Each soft-signal visual build is scored by a four-family vision panel: Anthropic (claude-opus-4-8, run keyless on the agent rail), OpenAI (gpt-5.5), Google (gemini-3.1-pro), and xAI (grok-4.3). All four judges score the same full-page screenshot against the same four-criterion showcase rubric (brief fidelity, visual design, craft, impact) on a 1-5 scale, with an identical prompt, so the scores are comparable. The published judge axis is leave-one-family-out (LOO): a model is never scored by a judge of its own family, which removes same-family self-preference structurally. The old single-judge (claude-opus-4-8 only) score is retained alongside for comparison.

Anthropic judge
claude-opus-4-8
-4.1pts
self-preference

Scores its own family lower than the other judges do (own 0.58 vs others 0.62, n=60).

OpenAI judge
gpt-5.5
+11.8pts
self-preference

Scores its own family higher than the other judges do (own 0.82 vs others 0.70, n=18).

Google judge
gemini-3.1-pro-preview
-13.1pts
self-preference

Scores its own family lower than the other judges do (own 0.49 vs others 0.62, n=18).

xai judge
grok-4.3
+21.5pts
self-preference

Scores its own family higher than the other judges do (own 0.79 vs others 0.58, n=24).

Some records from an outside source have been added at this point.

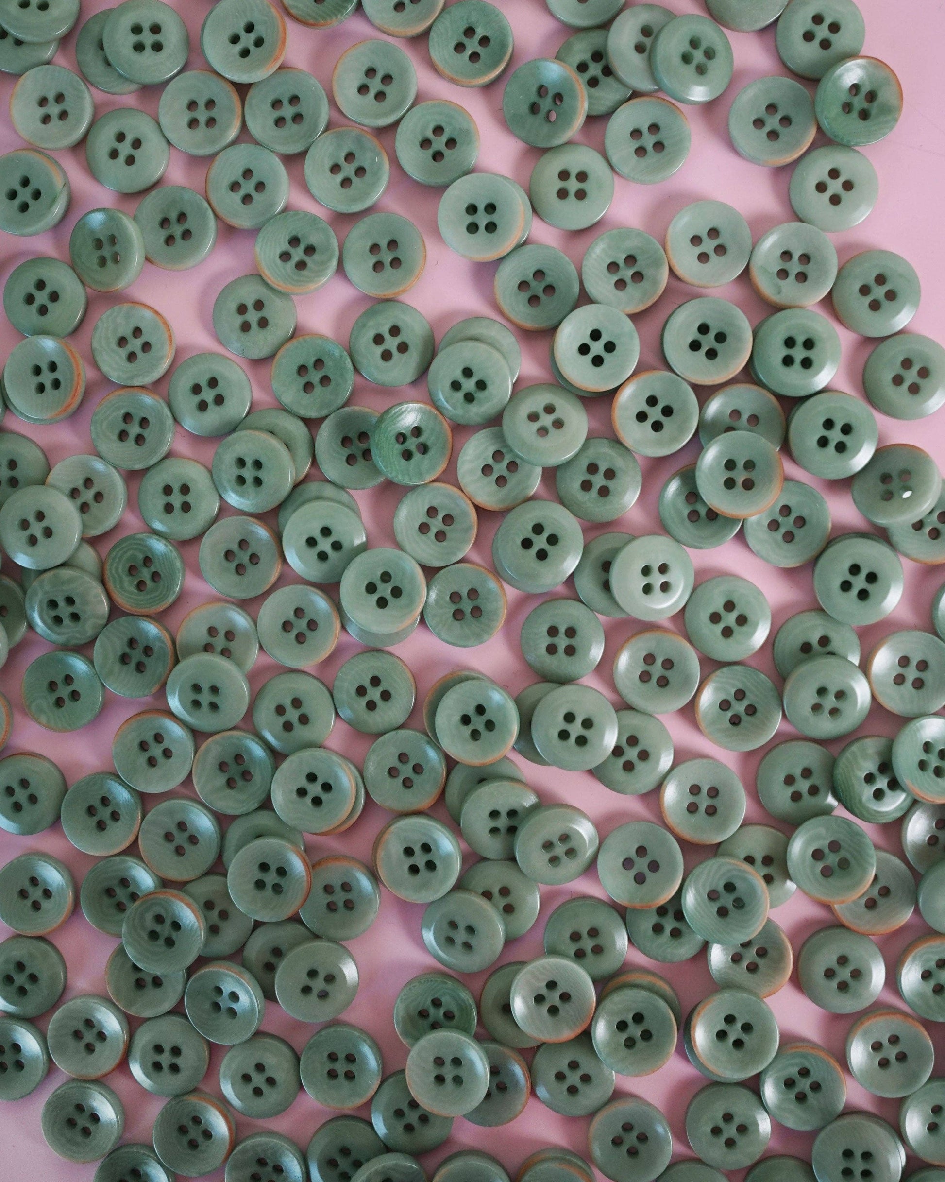 Crafted from the seeds of the Tagua palm tree, corozo buttons are remarkably hard and scratch-resistant. Their natural grain readily absorbs dyes, ensuring vibrant, fade-resistant color and a unique look for each individual button.
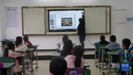 9月14日,老师在泸定县二郎山片区寄宿制学校给学生讲述抗震救灾情况。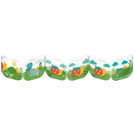 Un joli livre tissu-accordéon autour de la comptine "Petit escargot", conçu pour bébé, avec un tissu certifié et un flap pour plus de surprise !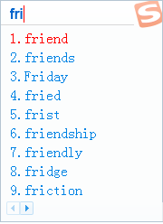 切换成智能英文输入模式之后,只要输入“fri”,就可以把friend提示出来了,再按一下“Ctrl + shift + E”键组合又可以返回到智能中文输入模式。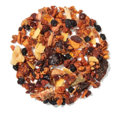 Ingredients: Apple (apple, citric acid), Raisins, Brown sugar, Natural and artificial (almond, hazelnut) flavouring, Elderberries, Willow bark, Almonds (almonds, sugar), Hazelnuts, Sour cherries, Raspberries, Stevia extract.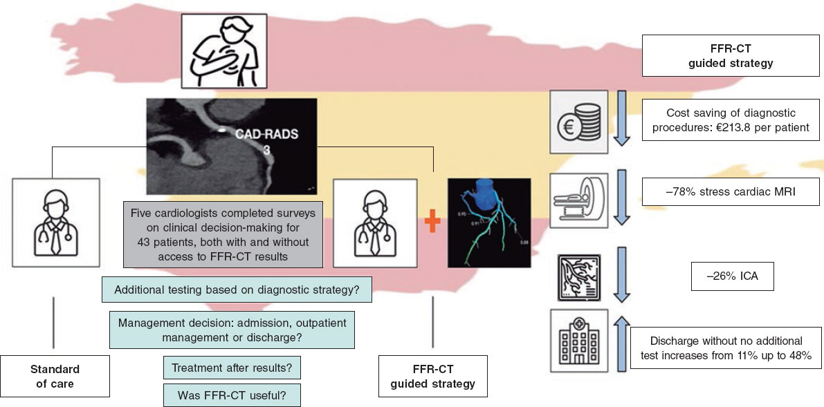 In conclusion, in this simulation study, incorporation of FFR-CT in patients with stable chest pain and moderate coronary stenosis on coronary CCTA was associated with reduced downstream testing, lower health care costs, and higher discharge rates within the Spanish National Health System.

Inter-judge agreement (n=168)Pearson 0.7563Spearman 0.7038Krippendorff alpha 0.5627

Measured self-preference: the Anthropic judge scored Anthropic-family models 0.041 lower (on the 0-1 axis) than the other two families scored the same builds (own mean 0.578 vs others 0.619, n=60 build-task pairs). The openai judge's self-preference delta was +0.118 (own 0.823 vs others 0.705, n=18). The google judge's self-preference delta was -0.131 (own 0.490 vs others 0.620, n=18). Inter-judge agreement across 168 build-task pairs: mean pairwise Pearson 0.7563, Spearman 0.7038, Krippendorff alpha 0.5627 (interval). To remove the bias from the published number, the soft-signal axis uses a leave-one-family-out panel: a model is never scored by a judge of its own family. The single-judge score is kept beside it so the correction is visible. The bulk of the benchmark (the objective suites) has no model in the loop at all.